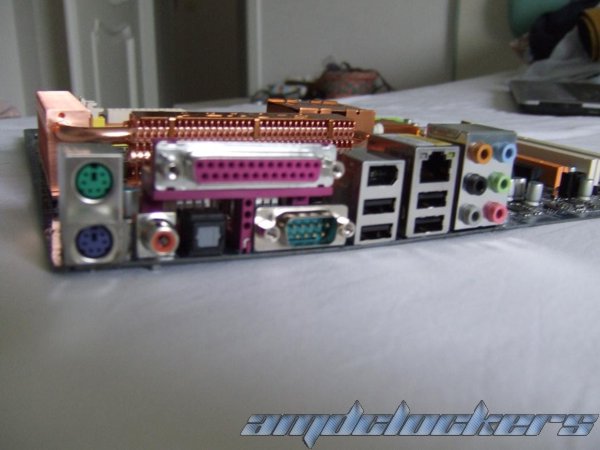 Il retro della scheda madre presenta 2 porte ps/2, una porta LPT, un connettore Spdif coassiale e ottico, una porta com, 4 porte USB, un connettore firewire, una porta ethernet e la scheda audio di Realtek.
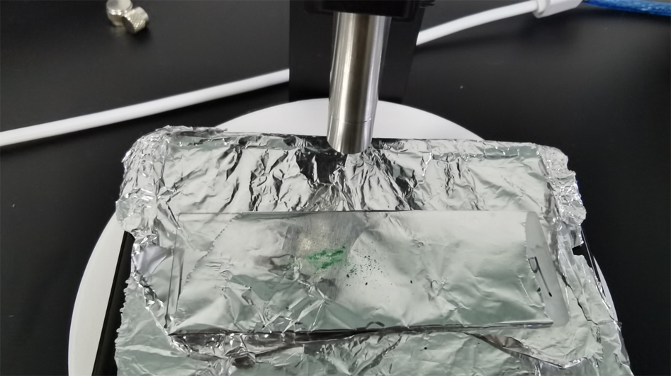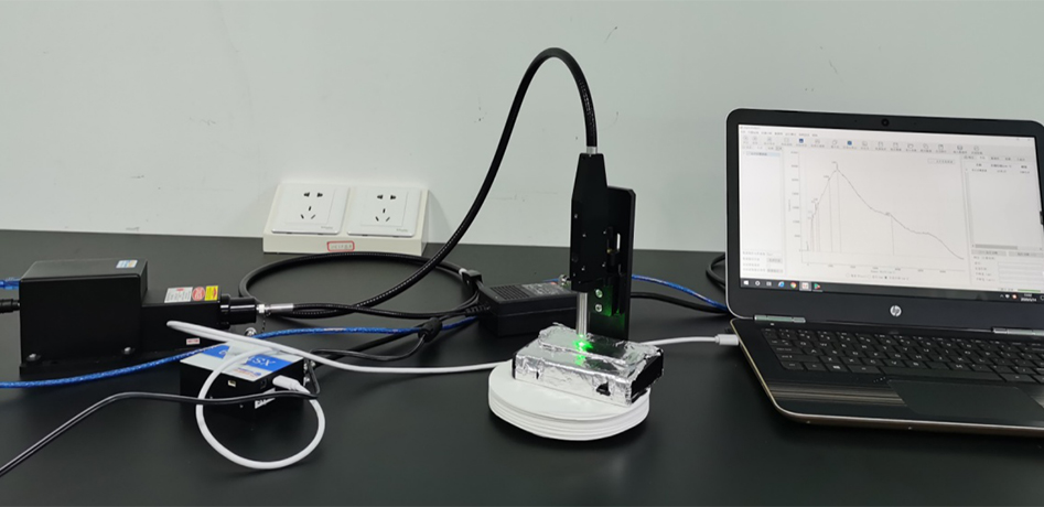 使用的科研级532nm激光拉曼光谱设备的波长为可涵盖0~3500cm-1的散射光,检测光斑直径在μm级别,颜料用量小于1μg,无需前期制样即可直接进行快速检测,如下图所示。
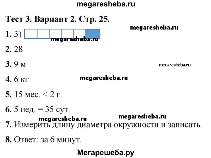 Подробный решебник (ГДЗ) по Математике за 3 (третий) класс тесты - готовый ответ страница - 25. Авторы учебника: Волкова. Издательство: Просвещение 2017-2023.
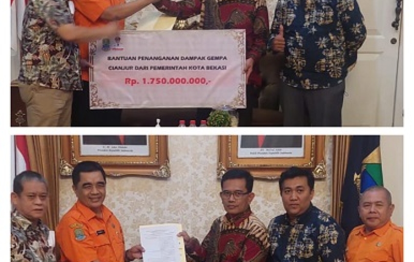 Lognews201.Com - Kota Bekasi - Kepala Pelaksana Badan Penanggulangan Bencana Daerah Kota Bekasi, Enung Nurholis beserta jajarannya didampingi Kabag Kesos Ujang Tedi dan Perwakilan BPKAD Rully Chairul mewakili Pemerintah Kota Bekasi menyerahkan bantuan sejumlah Rp. 1.750.000.000,- bersumber dari bantuan keuangan APBD Tahun Anggaran 2022 serta Donasi dari seluruh warga masyarakat Kota Bekasi yang telah dikumpulkan pada saat pasca kejadian gempa Cianjur kemarin.
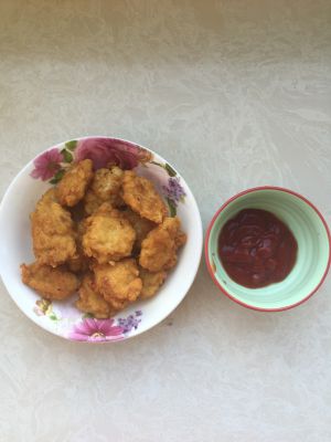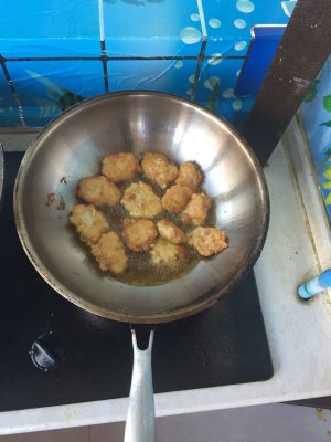 把拌好的鸡容做成大小均匀的饼,入锅炸至两面金黄捞出控油即可……
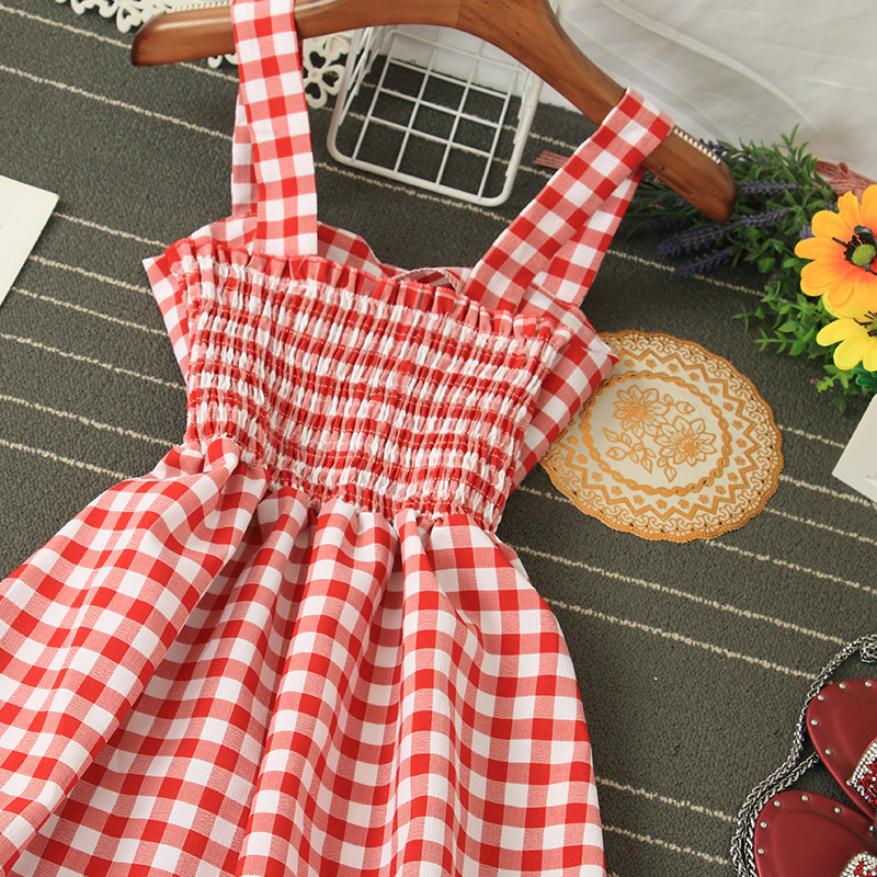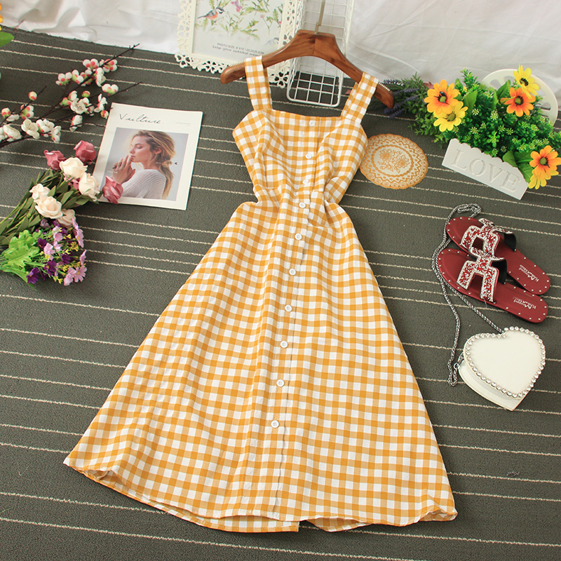Vintage Plaid Spaghetti Strap Dress Women Slash Neck High Waist Red/Yellow/Green Single Breasted A-line Dress Female New
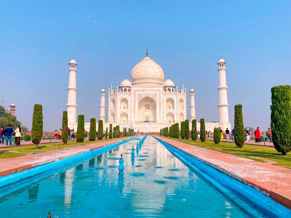Fahrt nach Agra und Besichtigung des weltberühmten Taj Mahal – ein Meisterwerk aus weissem Marmor, erbaut in 22 Jahren als Symbol ewiger Liebe.

■ ■ ■

Repeat the material exactly. Skip the images.

→ Exercise result
 Il retro della scheda madre presenta 2 porte ps/2, una porta LPT, un connettore Spdif coassiale e ottico, una porta com, 4 porte USB, un connettore firewire, una porta ethernet e la scheda audio di Realtek.
 使用的科研级532nm激光拉曼光谱设备的波长为可涵盖0~3500cm-1的散射光,检测光斑直径在μm级别,颜料用量小于1μg,无需前期制样即可直接进行快速检测,如下图所示。
 Подробный решебник (ГДЗ) по Математике за 3 (третий) класс тесты - готовый ответ страница - 25. Авторы учебника: Волкова. Издательство: Просвещение 2017-2023.
 Lognews201.Com - Kota Bekasi - Kepala Pelaksana Badan Penanggulangan Bencana Daerah Kota Bekasi, Enung Nurholis beserta jajarannya didampingi Kabag Kesos Ujang Tedi dan Perwakilan BPKAD Rully Chairul mewakili Pemerintah Kota Bekasi menyerahkan bantuan sejumlah Rp. 1.750.000.000,- bersumber dari bantuan keuangan APBD Tahun Anggaran 2022 serta Donasi dari seluruh warga masyarakat Kota Bekasi yang telah dikumpulkan pada saat pasca kejadian gempa Cianjur kemarin.
 把拌好的鸡容做成大小均匀的饼,入锅炸至两面金黄捞出控油即可……
Vintage Plaid Spaghetti Strap Dress Women Slash Neck High Waist Red/Yellow/Green Single Breasted A-line Dress Female New
Fahrt nach Agra und Besichtigung des weltberühmten Taj Mahal – ein Meisterwerk aus weissem Marmor, erbaut in 22 Jahren als Symbol ewiger Liebe.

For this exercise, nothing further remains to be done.